Just at the moment when the minimal techno movement was getting tired of the very concept of being ‘minimal’, meaning that all the productions that followed had lost any sense of the genre to which they apparently belonged, the Kompakt label was about to break the deadlock. Founded in Cologne in 1998, Michael Mayer, Jürgen Paape and Wolfgang Voigt ran it out of the basement of the techno record shop where they worked. The label served as a way to release their own works first, before bringing to light a circle of German artists including Reinhard Voigt, Tobias Thomas, and Sascha Funke. It then quickly reached out to foreigners like Gui Boratto, The Field, Kaito, WALLS, and even welcomed older artists like GusGus, The Orb, and WhoMadeWho.

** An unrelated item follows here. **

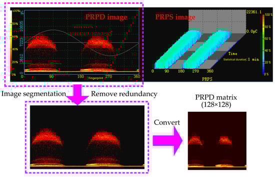 Step One: Data preprocessing, involving compressing the PRPD into a 128 × 128 two-dimensional matrix.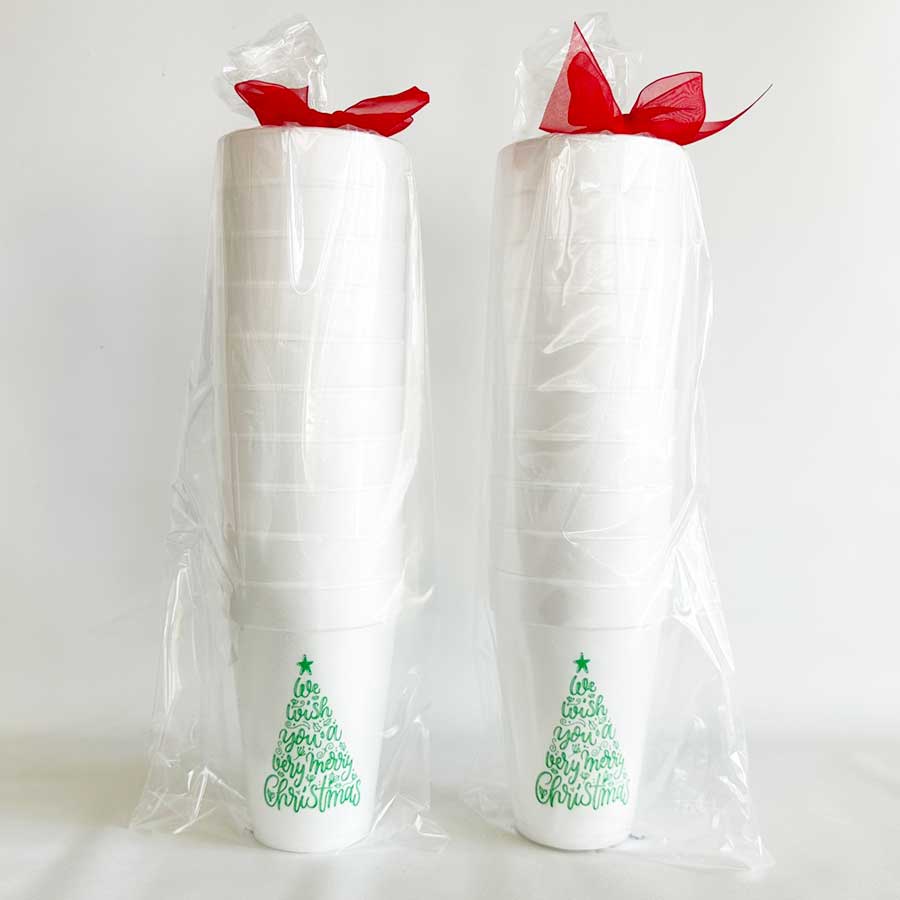 Our 16 ounce holiday foam cup packs are available in 10 count sleeves. Each cup has “we wish you a merry Christmas” printed in a fun hand calligraphy inside the shape of a Christmas tree. The imprint is on both sides of the disposable foam cup using a Christmas green ink. Each sleeve is tied with coordinating ribbon, so they are all ready to give as a gift.

It was with what is still the only album released by Closer Musik, from 2002, that I became aware of the power of what Kompakt was doing back then. Matias Aguayo and Dirk Leyers were producing a sensual sung techno that was totally intoxicating, and not a single one of the tracks from the album After Love was under 7 minutes long. After the duo split up in 2003, Kompakt was lucky enough to have found in Aksel Schaufler, aka Superpitcher, another producer who was able to push the idea of electro and pop fusion. Having seen him headline at an outdoor clubbing party, I remember it as a sort of waking dream; the kind of transmission of happiness through music and dance that you might only feel once in a lifetime; a mixture of melancholy and euphoria. To this day, he remains one of my favourite artists on the label, although Michael Mayer – with whom he forms the duo Supermayer – and others too numerous to name, have all managed to give a sensual, human feeling to the music.
The conceptual power of their artists also allowed Kompakt to develop their hold over ambient music, and above all to ensure the renewal of the sound in a field where fans’ tastes can easily have them flitting from one label to another. If you want to be moved both mentally and physically, Kompakt is always there, and always fresh.